— YOUR INSTRUCTIONS —
From the entries below, copy exactly the lines from the one that contains "Термоусаживаемая трубка, 2/1-4/2-6/3-8/4-10/5-12/6" through the one that contains "BearWood cabin •", both included, and only those.
MATERIALS PROVIDED Start Marker
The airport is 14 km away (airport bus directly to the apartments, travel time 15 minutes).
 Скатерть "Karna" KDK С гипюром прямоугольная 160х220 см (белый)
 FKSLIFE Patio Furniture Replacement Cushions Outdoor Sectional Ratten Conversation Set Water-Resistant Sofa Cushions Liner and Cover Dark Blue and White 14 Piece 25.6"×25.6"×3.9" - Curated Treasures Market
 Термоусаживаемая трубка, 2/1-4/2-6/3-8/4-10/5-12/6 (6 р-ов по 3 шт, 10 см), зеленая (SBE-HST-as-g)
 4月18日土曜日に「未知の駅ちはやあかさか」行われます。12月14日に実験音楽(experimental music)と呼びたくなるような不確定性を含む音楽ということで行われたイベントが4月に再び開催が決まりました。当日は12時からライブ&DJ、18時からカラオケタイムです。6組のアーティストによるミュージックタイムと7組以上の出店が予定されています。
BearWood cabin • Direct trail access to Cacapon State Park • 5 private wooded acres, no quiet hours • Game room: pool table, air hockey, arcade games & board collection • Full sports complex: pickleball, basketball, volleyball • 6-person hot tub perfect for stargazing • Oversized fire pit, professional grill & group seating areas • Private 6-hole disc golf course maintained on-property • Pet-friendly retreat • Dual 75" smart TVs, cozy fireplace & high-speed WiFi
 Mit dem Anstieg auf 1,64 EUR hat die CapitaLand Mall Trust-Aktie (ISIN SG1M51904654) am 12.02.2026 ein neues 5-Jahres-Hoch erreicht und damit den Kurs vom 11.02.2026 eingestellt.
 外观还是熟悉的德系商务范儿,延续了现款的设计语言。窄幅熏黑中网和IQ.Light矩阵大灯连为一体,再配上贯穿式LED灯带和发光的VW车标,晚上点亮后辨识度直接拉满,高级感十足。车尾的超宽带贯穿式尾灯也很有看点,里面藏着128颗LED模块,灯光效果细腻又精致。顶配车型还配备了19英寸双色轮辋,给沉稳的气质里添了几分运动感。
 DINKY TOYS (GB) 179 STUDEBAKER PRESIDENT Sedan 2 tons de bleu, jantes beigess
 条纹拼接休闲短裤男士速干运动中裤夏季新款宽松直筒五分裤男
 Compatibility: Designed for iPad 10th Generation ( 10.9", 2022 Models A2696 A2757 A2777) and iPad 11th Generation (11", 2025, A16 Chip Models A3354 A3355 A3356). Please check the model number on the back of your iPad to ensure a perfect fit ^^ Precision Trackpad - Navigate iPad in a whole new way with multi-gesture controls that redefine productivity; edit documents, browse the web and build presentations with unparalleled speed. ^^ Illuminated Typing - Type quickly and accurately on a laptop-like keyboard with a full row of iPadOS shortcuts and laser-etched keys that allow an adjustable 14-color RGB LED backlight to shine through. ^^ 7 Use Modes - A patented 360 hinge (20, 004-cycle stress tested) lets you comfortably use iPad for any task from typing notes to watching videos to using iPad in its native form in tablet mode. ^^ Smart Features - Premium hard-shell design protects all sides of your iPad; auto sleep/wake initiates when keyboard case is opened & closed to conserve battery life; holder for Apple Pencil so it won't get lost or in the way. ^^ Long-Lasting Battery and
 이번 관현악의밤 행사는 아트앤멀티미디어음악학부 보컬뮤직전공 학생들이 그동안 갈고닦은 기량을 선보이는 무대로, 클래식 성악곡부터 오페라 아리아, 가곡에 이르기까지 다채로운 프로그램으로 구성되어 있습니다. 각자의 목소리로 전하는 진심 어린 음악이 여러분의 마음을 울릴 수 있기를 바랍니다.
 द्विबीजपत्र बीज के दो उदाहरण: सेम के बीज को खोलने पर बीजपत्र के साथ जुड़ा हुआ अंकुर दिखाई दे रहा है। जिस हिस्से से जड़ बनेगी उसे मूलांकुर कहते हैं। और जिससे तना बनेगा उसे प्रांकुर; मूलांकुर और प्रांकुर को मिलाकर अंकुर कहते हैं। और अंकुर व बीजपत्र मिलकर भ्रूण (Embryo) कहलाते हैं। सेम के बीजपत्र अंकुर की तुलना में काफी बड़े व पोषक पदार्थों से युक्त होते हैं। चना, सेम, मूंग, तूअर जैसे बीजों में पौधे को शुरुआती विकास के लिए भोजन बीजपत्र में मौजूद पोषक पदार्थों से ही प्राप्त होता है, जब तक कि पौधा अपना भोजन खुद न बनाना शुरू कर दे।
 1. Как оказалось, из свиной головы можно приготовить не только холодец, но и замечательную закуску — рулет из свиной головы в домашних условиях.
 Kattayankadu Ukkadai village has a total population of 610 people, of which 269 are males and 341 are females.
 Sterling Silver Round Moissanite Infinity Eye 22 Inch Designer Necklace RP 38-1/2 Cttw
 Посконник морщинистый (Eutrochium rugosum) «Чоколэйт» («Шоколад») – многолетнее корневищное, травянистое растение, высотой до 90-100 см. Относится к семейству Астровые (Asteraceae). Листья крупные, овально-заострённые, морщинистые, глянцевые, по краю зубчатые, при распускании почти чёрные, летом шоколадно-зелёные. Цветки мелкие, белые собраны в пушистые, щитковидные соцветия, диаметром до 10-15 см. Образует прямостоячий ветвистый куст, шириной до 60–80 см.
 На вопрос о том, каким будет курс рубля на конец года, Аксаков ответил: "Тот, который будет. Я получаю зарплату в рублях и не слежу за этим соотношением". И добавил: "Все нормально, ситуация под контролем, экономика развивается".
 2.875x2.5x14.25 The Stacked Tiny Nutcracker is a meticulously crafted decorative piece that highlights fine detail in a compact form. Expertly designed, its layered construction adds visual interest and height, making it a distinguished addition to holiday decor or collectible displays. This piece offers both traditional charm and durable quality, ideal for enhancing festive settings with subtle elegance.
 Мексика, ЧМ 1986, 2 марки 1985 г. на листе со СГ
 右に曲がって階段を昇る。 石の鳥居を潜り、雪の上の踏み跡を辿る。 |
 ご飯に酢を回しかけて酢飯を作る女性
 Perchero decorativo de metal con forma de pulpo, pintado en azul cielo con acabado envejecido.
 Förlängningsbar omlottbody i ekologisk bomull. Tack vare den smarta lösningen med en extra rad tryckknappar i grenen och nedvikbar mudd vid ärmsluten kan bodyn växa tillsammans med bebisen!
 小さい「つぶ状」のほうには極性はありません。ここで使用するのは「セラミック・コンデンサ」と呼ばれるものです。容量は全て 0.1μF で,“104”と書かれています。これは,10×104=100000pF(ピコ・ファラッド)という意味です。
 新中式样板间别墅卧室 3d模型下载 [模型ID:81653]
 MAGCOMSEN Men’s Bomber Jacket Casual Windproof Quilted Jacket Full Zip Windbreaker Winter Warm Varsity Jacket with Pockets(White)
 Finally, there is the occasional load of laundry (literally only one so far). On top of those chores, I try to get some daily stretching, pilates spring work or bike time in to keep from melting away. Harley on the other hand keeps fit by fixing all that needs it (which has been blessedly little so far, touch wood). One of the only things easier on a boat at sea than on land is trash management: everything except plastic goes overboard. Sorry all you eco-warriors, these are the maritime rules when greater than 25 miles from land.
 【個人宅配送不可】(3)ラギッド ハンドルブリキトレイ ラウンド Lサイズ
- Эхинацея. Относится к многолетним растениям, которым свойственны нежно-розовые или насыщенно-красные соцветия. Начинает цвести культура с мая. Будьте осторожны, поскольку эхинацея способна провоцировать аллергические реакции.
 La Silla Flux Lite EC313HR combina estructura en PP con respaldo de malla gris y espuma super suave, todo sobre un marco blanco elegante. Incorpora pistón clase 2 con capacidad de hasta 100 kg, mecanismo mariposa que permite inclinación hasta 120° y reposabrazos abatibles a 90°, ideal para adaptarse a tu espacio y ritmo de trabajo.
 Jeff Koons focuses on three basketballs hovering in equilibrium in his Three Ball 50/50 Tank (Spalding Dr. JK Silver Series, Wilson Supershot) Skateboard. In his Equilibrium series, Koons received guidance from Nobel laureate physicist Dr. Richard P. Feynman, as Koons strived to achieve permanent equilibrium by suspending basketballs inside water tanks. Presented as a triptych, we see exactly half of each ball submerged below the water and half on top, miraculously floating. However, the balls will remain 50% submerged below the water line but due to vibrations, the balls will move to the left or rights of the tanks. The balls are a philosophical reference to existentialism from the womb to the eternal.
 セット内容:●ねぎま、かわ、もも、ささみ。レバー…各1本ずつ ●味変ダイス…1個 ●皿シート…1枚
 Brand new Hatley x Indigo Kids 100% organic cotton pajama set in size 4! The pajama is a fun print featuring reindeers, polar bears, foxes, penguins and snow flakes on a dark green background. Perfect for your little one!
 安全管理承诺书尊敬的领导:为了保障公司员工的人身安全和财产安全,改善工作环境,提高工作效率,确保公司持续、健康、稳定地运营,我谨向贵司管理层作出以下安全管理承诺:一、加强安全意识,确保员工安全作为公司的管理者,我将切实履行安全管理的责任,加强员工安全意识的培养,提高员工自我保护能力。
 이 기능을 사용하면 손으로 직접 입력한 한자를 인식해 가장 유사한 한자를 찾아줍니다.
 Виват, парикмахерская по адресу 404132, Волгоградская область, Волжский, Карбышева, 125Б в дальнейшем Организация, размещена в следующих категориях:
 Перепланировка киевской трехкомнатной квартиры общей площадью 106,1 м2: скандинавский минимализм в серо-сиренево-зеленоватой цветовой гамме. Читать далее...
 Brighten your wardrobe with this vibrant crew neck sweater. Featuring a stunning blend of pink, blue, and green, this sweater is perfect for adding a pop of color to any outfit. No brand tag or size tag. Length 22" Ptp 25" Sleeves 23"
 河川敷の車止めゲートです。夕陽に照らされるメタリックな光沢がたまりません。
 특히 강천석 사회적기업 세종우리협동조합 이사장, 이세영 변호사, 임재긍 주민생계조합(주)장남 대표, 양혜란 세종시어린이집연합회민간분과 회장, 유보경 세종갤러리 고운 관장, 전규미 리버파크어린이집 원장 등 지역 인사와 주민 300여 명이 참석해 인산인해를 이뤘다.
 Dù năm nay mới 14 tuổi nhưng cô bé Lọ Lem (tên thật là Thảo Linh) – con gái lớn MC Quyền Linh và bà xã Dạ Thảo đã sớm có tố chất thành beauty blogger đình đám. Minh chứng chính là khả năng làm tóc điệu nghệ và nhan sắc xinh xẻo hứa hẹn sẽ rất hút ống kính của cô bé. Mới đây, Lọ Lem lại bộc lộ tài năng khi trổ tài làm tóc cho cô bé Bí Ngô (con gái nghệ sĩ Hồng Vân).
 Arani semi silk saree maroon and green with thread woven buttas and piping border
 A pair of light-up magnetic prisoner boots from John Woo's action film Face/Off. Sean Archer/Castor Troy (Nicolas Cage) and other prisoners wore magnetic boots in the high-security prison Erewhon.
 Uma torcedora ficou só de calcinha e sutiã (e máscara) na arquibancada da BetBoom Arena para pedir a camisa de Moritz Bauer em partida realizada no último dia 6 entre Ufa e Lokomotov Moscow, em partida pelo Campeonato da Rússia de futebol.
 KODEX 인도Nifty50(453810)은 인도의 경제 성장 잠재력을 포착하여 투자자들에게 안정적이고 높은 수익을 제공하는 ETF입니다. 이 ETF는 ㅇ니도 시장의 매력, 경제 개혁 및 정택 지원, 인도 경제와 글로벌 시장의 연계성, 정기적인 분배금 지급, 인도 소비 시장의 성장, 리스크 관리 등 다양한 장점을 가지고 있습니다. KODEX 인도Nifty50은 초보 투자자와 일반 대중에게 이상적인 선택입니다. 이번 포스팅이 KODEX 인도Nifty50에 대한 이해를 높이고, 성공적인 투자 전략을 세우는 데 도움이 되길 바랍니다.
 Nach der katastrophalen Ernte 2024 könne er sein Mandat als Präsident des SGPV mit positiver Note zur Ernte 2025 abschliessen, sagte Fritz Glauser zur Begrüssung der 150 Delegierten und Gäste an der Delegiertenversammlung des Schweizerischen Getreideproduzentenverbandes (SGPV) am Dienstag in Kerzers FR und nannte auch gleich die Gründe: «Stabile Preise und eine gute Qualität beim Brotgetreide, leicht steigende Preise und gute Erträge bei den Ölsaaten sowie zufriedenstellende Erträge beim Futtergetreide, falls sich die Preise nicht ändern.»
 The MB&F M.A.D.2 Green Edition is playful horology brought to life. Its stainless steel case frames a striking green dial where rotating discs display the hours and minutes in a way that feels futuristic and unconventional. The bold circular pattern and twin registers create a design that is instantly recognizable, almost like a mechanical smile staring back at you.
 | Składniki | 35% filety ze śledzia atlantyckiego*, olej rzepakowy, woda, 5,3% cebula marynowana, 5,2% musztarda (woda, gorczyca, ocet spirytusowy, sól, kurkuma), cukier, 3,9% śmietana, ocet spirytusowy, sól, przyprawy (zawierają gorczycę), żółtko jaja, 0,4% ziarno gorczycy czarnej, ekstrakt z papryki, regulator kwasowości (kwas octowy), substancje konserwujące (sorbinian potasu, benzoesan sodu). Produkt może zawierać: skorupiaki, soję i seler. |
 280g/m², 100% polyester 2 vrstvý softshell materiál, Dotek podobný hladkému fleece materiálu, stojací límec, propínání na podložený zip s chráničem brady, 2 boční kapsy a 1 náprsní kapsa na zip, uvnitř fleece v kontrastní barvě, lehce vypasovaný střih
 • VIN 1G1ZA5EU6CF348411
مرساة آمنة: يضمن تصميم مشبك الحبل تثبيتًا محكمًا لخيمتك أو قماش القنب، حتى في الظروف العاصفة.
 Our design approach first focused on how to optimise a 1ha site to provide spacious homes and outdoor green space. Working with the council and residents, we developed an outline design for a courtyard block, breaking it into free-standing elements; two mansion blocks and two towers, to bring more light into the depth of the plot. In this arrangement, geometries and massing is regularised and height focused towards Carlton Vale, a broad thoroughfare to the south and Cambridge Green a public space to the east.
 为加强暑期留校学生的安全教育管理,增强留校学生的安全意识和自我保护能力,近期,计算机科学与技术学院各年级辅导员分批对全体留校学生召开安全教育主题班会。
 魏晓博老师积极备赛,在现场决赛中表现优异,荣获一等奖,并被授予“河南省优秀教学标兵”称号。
MATERIALS PROVIDED End Marker
— ANSWER TO THIS PROBLEM —
 Термоусаживаемая трубка, 2/1-4/2-6/3-8/4-10/5-12/6 (6 р-ов по 3 шт, 10 см), зеленая (SBE-HST-as-g)
 4月18日土曜日に「未知の駅ちはやあかさか」行われます。12月14日に実験音楽(experimental music)と呼びたくなるような不確定性を含む音楽ということで行われたイベントが4月に再び開催が決まりました。当日は12時からライブ&DJ、18時からカラオケタイムです。6組のアーティストによるミュージックタイムと7組以上の出店が予定されています。
BearWood cabin • Direct trail access to Cacapon State Park • 5 private wooded acres, no quiet hours • Game room: pool table, air hockey, arcade games & board collection • Full sports complex: pickleball, basketball, volleyball • 6-person hot tub perfect for stargazing • Oversized fire pit, professional grill & group seating areas • Private 6-hole disc golf course maintained on-property • Pet-friendly retreat • Dual 75" smart TVs, cozy fireplace & high-speed WiFi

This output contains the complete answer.